No Jitter asked Derek Top, Principal Analyst & Research Director, Opus Research for his thoughts on a few questions related to generative AI trends in 2024 and how enterprises might select a Gen AI solution.
No Jitter (NJ): What were some of the major trends/developments in Gen AI during 2024?
Derek Top (DT): This year we saw an almost never-ending list of vendors announcing product offerings to create, deploy, and maintain GenAI-powered agents that can interact with customers autonomously across voice and chat channels. These AI assistants are integrated with more data sources, tailoring it to business needs and expanding use cases in customer care and CX. We can expect this trend to continue as GenAI drives even greater efficiencies by automating routine interactions, streamlining ticket resolution, and enabling smarter, real-time decision-making.
NJ: Launches of AI agents for customer service, internal knowledge workers, etc., became more prevalent in the latter half of 2024. What are AI agents and how do they differ from conversational AI or Gen AI-powered bots?
DT: The bottom line is that with AI agents, organizations don’t have to build out a workflow but instead just give an AI agent a goal and access to tools and then it figures out how to accomplish the task based on its prompt. AI Agents understand instructions in plain English and then carry out all the sub-tasks required to get the job done. AI agents simplify the process to retrieve and analyze data, even when it is stored across multiple enterprise systems. But accessing those enterprise systems – either through integrations with customer data platforms or workflow APIs – will remain a significant challenge. While the promise of agentic workflow automation sounds appealing to many CX organizations, the reality is implementations will require careful planning and lots of human-AI collaboration.
NJ: It seems like enterprises can 'standardize' on Microsoft/OpenAI or Google Gemini (or others) while some enterprise platform providers (e.g., ServiceNow, Salesforce) offer connections to all (or most) foundation models, and yet others like Zoom, Cisco Webex, RingCentral, etc., have their own models and most offer ‘federated’ approaches to model selection. And then there are the open-source model options.
How might enterprises approach this array of choices? What should they consider?

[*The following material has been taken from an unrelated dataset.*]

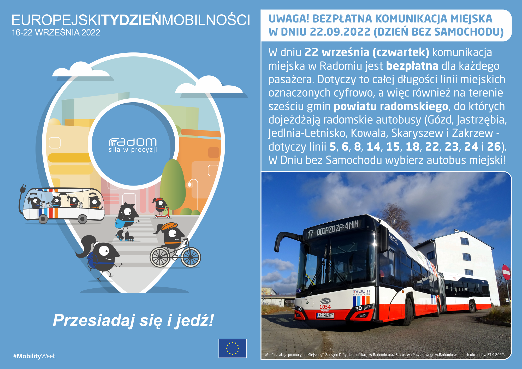 W czwartek, 22 września przejazdy autobusami komunikacji miejskiej w Radomiu będą BEZPŁATNE dla wszystkich pasażerów – również mieszkańców tych gmin Powiatu Radomskiego, do których docierają linie komunikacji miejskiej oznaczone cyfrowo (5, 6, 8, 14, 15, 18, 22, 23, 24 i 26), czyli Miasto i Gmina Skaryszew, Gmina Zakrzew, Gmina Kowala, Gmina Jastrzębia, Gmina Gózd, Gmina Wolanów czy Urząd Miejski w Jedlni-Letnisku.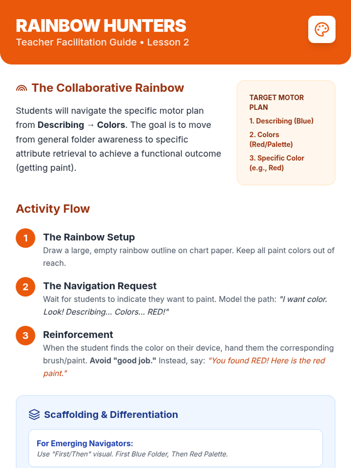 This lesson focuses on the specific transition from preferred art activities to non-preferred learning tasks, providing strategies for emotional regulation and physical safety.

DT: Most organizations have to consider lots of variables: what’s your budget, preferred features, importance of safety, maintenance, speed and performance? The point is to evaluate your options with respect to your business objectives and ability to execute. In many cases, that might include building a model from scratch with your own proprietary of data.
What do you think is most important for enterprises to consider when it comes to Gen AI or AI more broadly?
DT: Enterprises must take proactive steps to mitigate the known risks associated with Gen AI proliferation. Concerns span from internal risks associated with LLM hallucinations and data governance to deliberate malicious attempts to inject prompts and access corporate data from external actors. We see a significant need for enterprises to address challenges such as ensuring robust data privacy and navigating the complexities of integrating new technologies into existing systems. Fortunately, there are both third-party solution providers and DIY approaches to help enterprises make informed decisions and take appropriate actions.
5) Crystal ball time: Any thoughts for Gen AI / AI developments in 2025?
DT: As AI assistants integrate with more data sources and thus begin to better understand customers’ needs while providing expanding utility across enterprise applications, we’ll see more bot-to-bot collaboration. AI agents will begin to establish relationships with brands and their sales or customer care systems. This allows brands to manage their data and governance their way, while having the freedom to choose and update their AI models. A unified AI architecture that combines intelligent agents, adaptable models, a composable data layer, and knowledge processing will enable CX organizations to deploy AI solutions quickly and securely.